Some common examples of objects that will cause a hang:
- A script that waits for user input.
- A script that implements JamfHelper or osascript without the timeout flag.
- A script that runs a child process which subsequently hangs.
- An installer package waits for input or external data.
- The computer goes to sleep during the check-in process.
The Jamf Client Communications Doctor aims to fix this by doing the following:
- Sets a TTL on Policy child processes (default of 14.1 hours per child)
- Sets a TTL on Extension Attribute processes (default of 60 minutes per EA)

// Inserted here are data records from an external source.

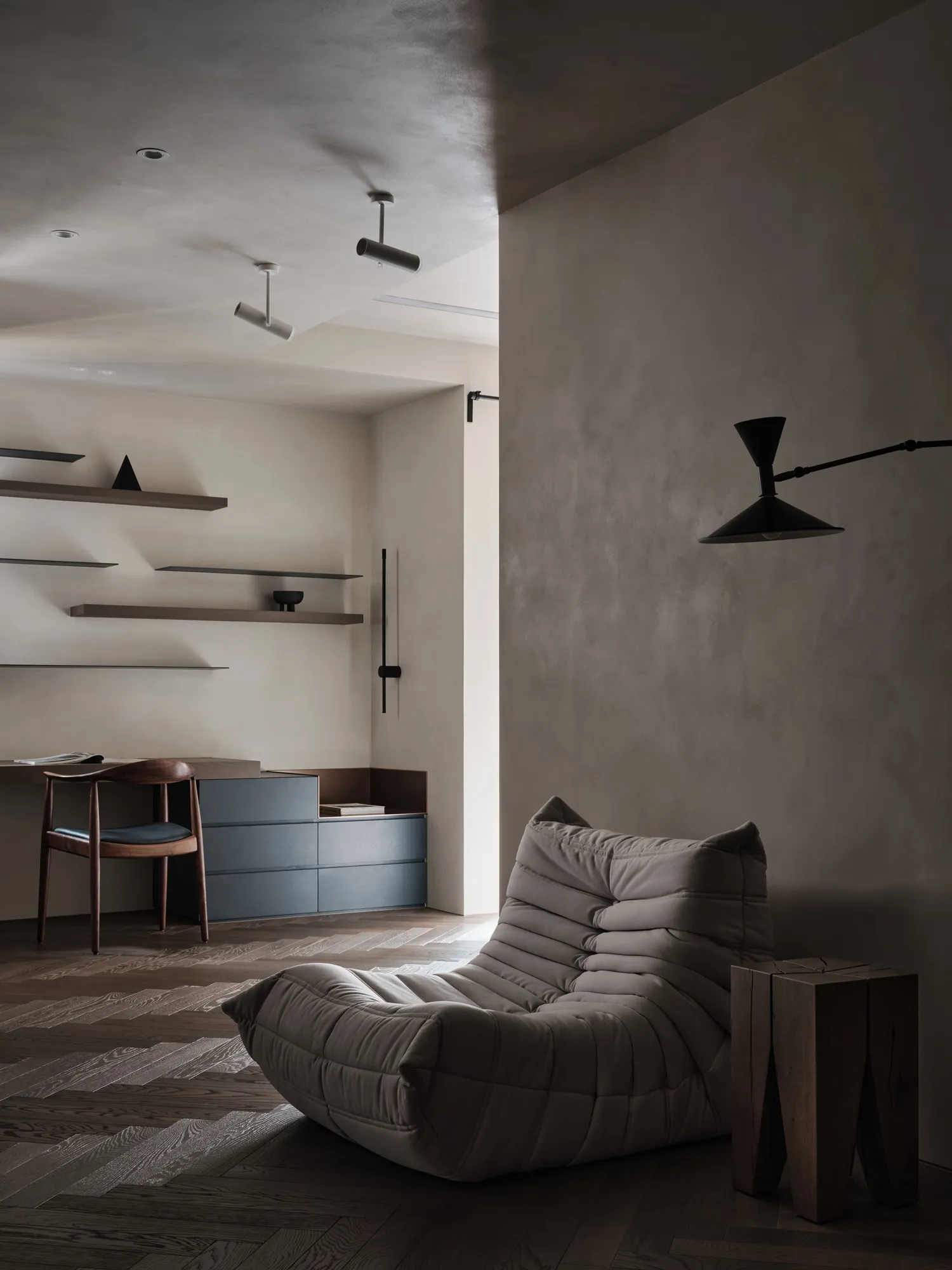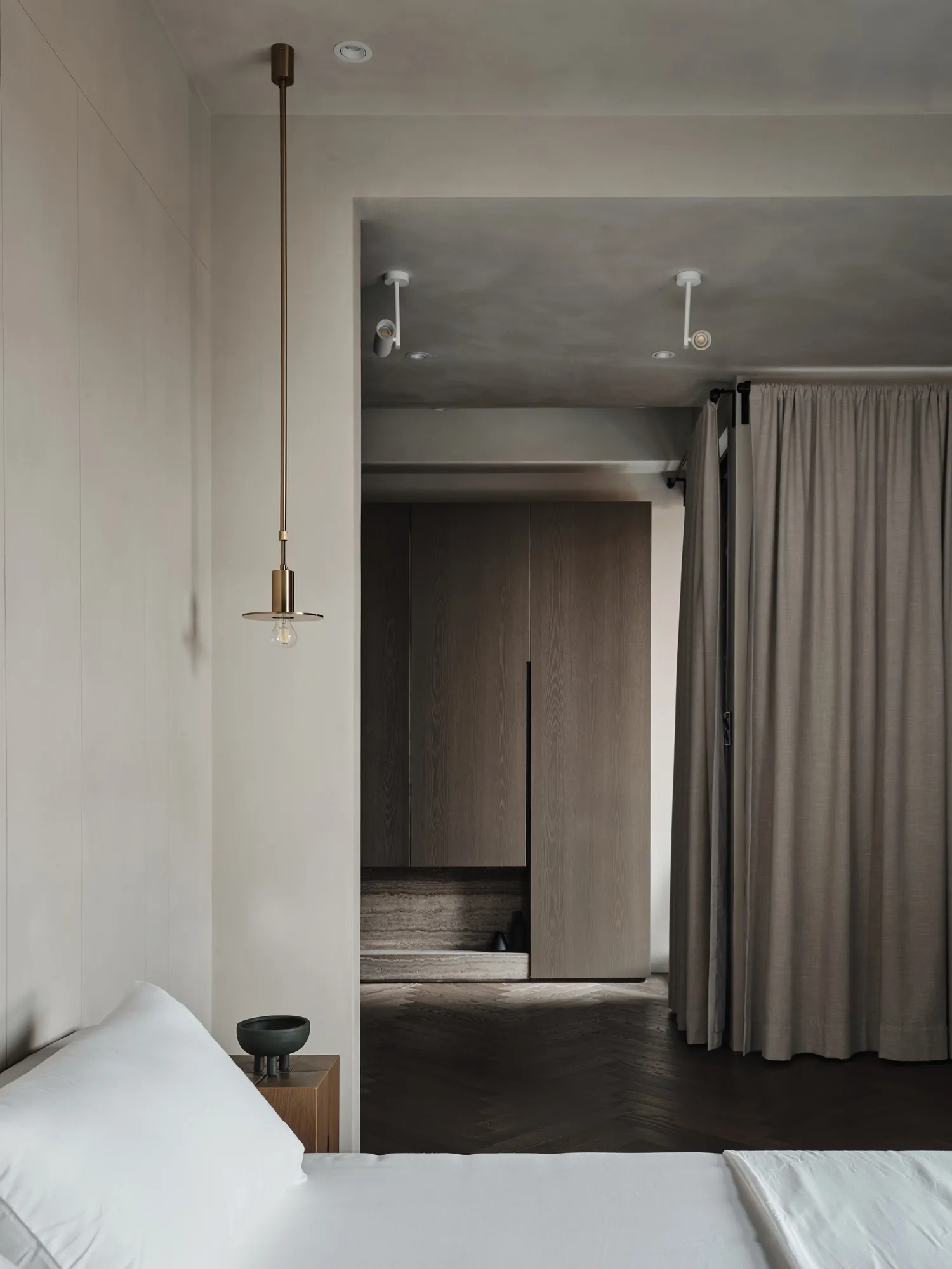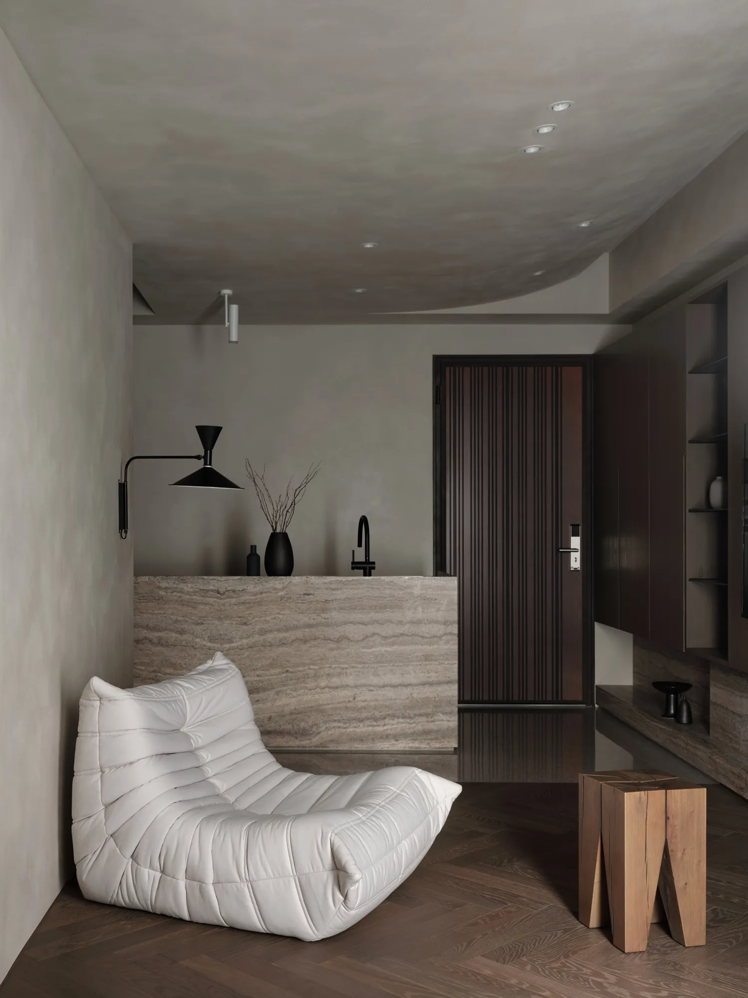 沈浸隱身喧囂的溫潤,轉換都市的情緒,感受空間營造出的閒適氛圍。搭配紋理細膩的特殊塗料,讓視覺獲得極致純粹的感受,木質元素以柔潤的姿態輔助,簡單而細緻,獨特的自然紋理透過光的柔和暈染,細膩地勾勒了時間的痕跡,沈靜之美,富含禪意。不同材質的拼接與融合,將生活與自然相互交織,彰顯出侘寂之美的獨特魅力,唯有在這樣的空間中,我們才能找到心靈的安寧與歸宿。
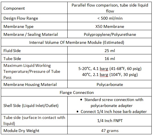 3M™ Liqui-Cel™ MM-1x5.5 Series Membrane Contactor Parameters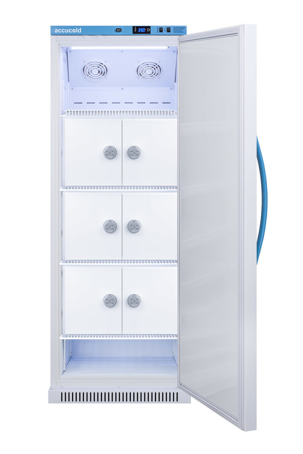 Accuold's MOMCUBE® is a highly reliable, hospital-grade refrigerator designed for mother's milk storage. All MOMCUBE® units are an ideal addition to employee wellness rooms, daycare centers, and work environments seeking to adhere to Section 4207 of the Patient Protection and Affordable Care Act. They are laboratory-tested to stay within the CDC's recommended temperature range, whereas similar dorm and residential-style units operate at temperatures that are unsuitable for breast milk storage. Inside, the MLRS12MCLK has six lockers, each with a combination lock to ensure privacy for mothers storing their milk, which can be reset or overridden as needed with included master keys. A cycle defrost system allows for little to no maintenance of the unit, while a soft LED light is included with an on/off switch for easy viewing of interior. The MOMCUBE® includes an LED display that allows the user to monitor and change the temperature as needed. Several alarms ensure temperature stability, and the factory-installed external door lock offers added security. The factory-installed antimicrobial handle is powder-coated with naturally occurring silver ions, which help to reduce the spread of germs, allowing for a safer, cleaner user experience. A hospital grade cord with 'green dot' plug is also included for added safety in high traffic areas. MOMCUBE® units of various capacity, heights, and interiors are available. Explore the entire MOMCUBE® Series on our website or contact our sales team at 718-893-3900 ext. 509 for more options.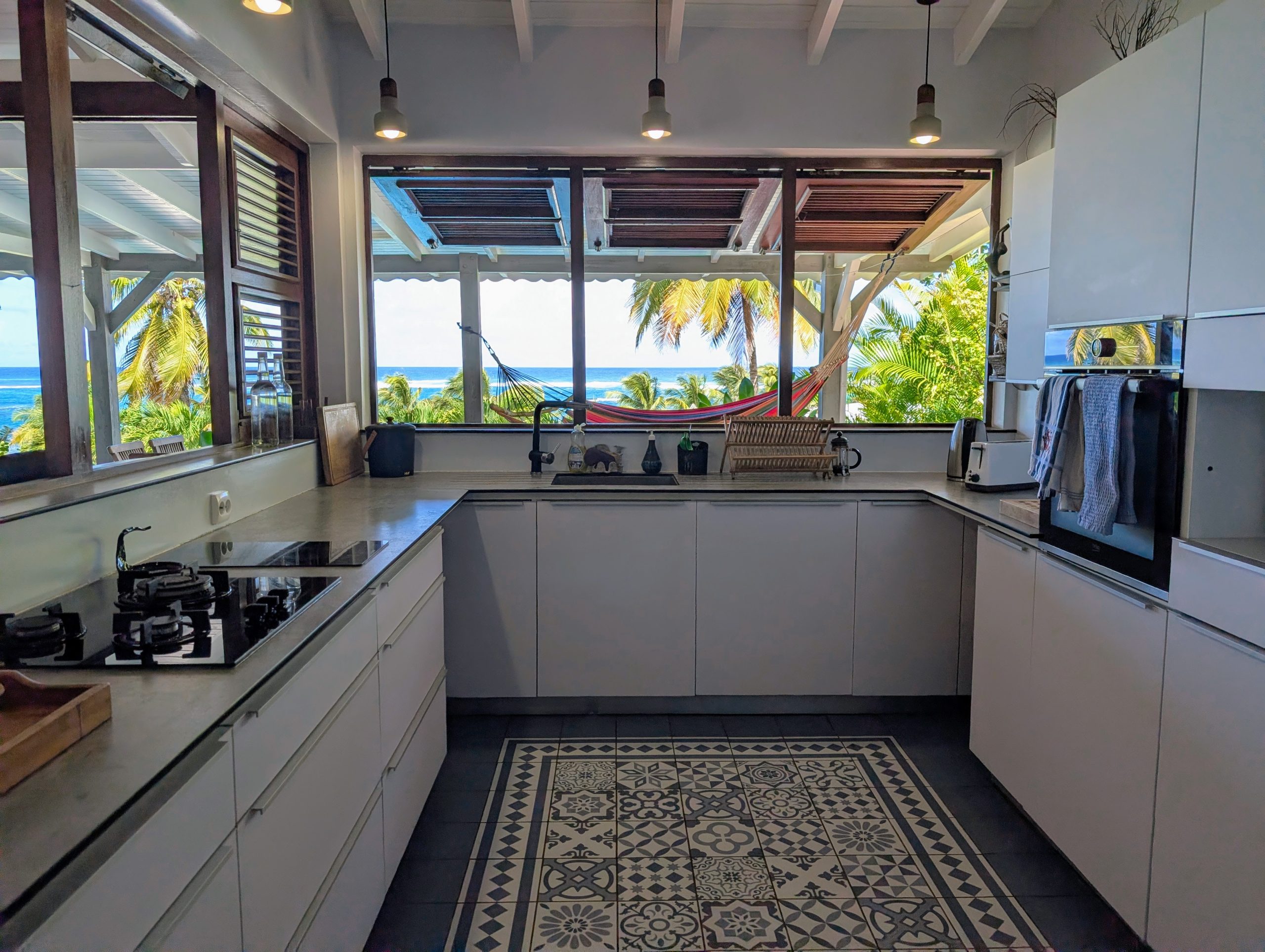 Véritable perle en première ligne mer, cette villa atypique située dans le très recherché quartier des Alizés au Moule offre un cadre de vie rare et privilégié. En bout d’impasse, elle garantit calme, intimité et accès direct au littoral, avec une vue mer dégagée et permanente.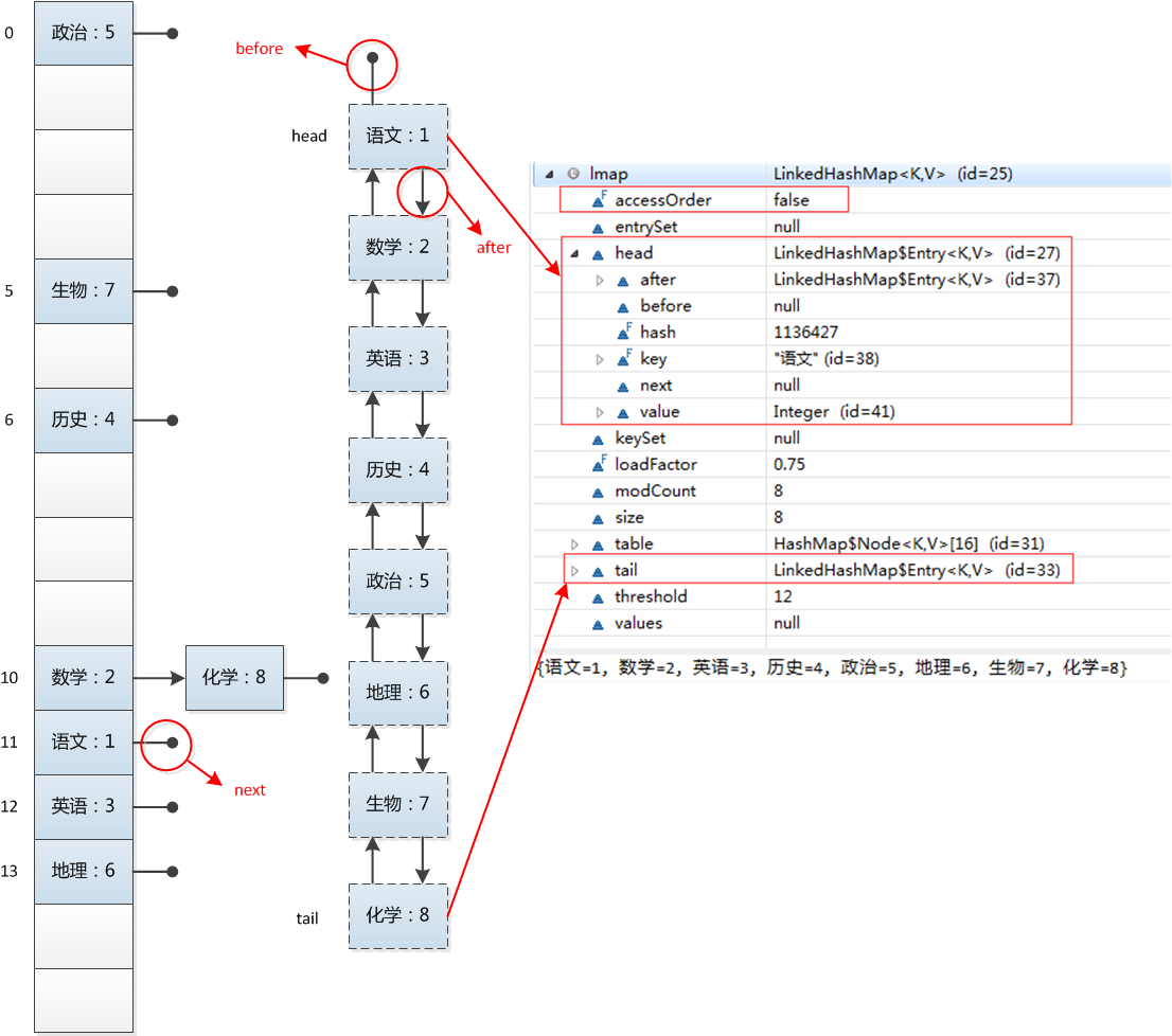 我们可以观察到,和HashMap的运行结果不同,LinkedHashMap的迭代输出的结果保持了插入顺序。是什么样的结构使得LinkedHashMap具有如此特性呢?我们还是一样的看看LinkedHashMap的内部结构,对它有一个感性的认识: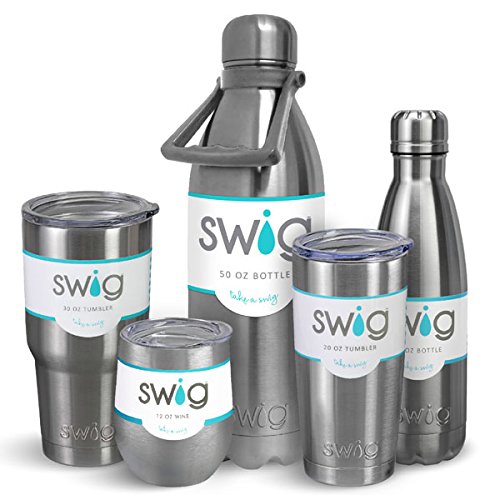 SWiG 50oz travel bottle-stainless steel - why should you choose SWiG? superior temperature retention (hot/cold) - swig's double-wall Vacuum insulated tumblers will keep your drinks seriously cold (or hot!). swigs are engineered to maintain the temperature of your beverage for the maximum time possible with current technology. Vacuum insulation - SWiG premium drinkware uses double-wall vacuum-sealed insulation technology, which means the space between the Stainless Steel walls is void of matter. With no medium for heat to transfer, your Drink's temperature will not be impacted by the outside temperature. 304 grade - 18/8 Stainless Steel - crafted from 304 grade 18/8 Stainless Steel. All drinkware is BPA free, FDA approved, highly resistant to rust, absorbing odor, retaining taste and bacteria, and easy to clean by hand. Clear lids and Stainless Steel caps - the 9oz wine, and 20oz and 30oz tumblers all have a clear push-seal lid while the 17oz and 50oz bottles have a Stainless Steel twist-off cap. Both closures feature a rubber seal gasket for better temperature control and are dishwasher safe. Copper coated inner walls - swig's double-wall Stainless Steel inner walls are copper plated, which provides an additional barrier against heat entering or exiting the vessel. Sweat free - swig's double-wall Vacuum insulation prevents condensation from ever forming on the exterior. Hot liquids will not impact the exterior, either. This means SWiG will always be comfortable to hold and never make a watery mess in your hand or on your table.Feature
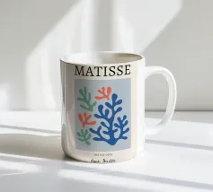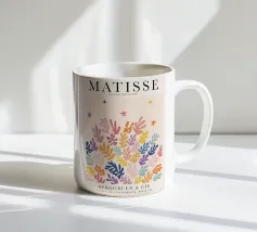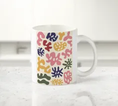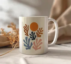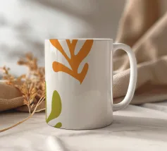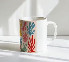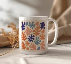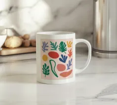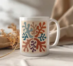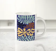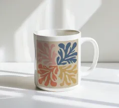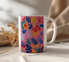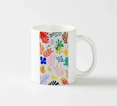 Un motivo di foglie stilizzate nei toni del verde, del rosa e della terracotta, ispirato ai ritagli di Henri Maraoui. La disposizione suggerisce una danza aggraziata di forme botaniche.
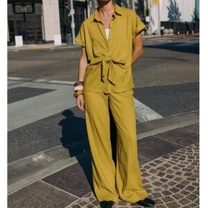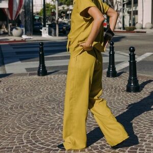 Front pockets. Wide leg. Front closure with zipper, interior button with hook.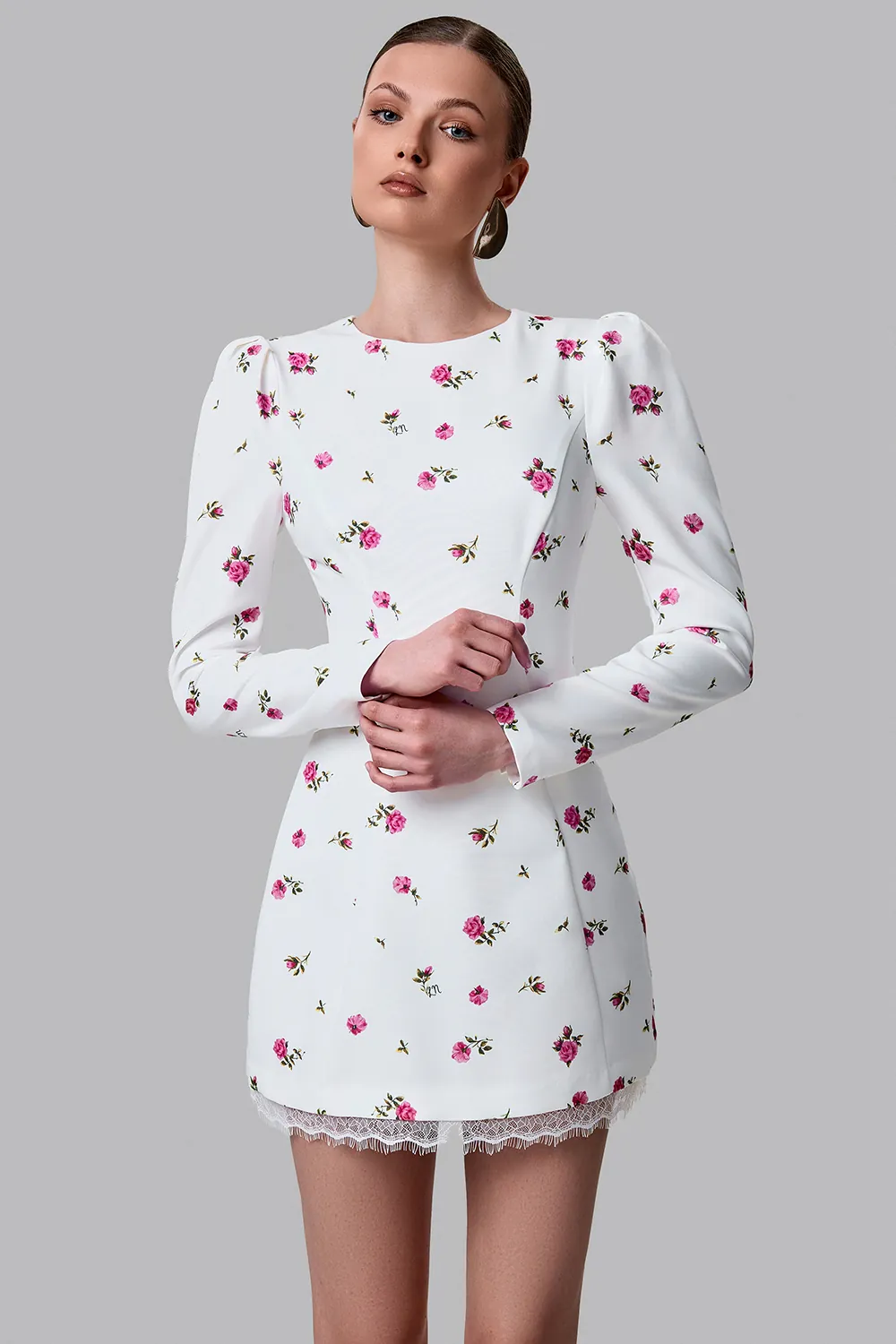 Женственное мини-платье с деликатным цветочным принтом, созданное для лёгких и романтичных образов. Приталенный силуэт подчёркивает фигуру, формируя аккуратную линию талии и мягко раскрываясь к низу. Главный акцент модели — открытая спина с вырезом в форме сердца, который придаёт образу особую чувственность и делает его запоминающимся. Нижний край дополнен кружевной отделкой, добавляющей образу лёгкость и утончённость. Длина платья по спинке (размер: S): 80 см. с кружевом. Состав: 71% полиэстер, 23% вискоза, 6% эластан, Подклад 95% полиэстер 5% эластан

- Sets a TTL on Jamf check-ins to 2 days
- Prevents the computer from system sleeping for the duration of the check-in process ** Display sleep and screen lock are allowed!
Add the script to your Jamf instance and scope to computers in a policy. The Doctor will self install/update locally on the computer as needed.
sudo launchctl bootout system "/Library/LaunchDaemons/com.mann.JamfClientCommunicationsDoctor.plist"
sudo rm "/Library/LaunchDaemons/com.mann.JamfClientCommunicationsDoctor.plist"
sudo rm "/Library/Application Support/Mann/Scripts/Jamf Client Communications Doctor.sh"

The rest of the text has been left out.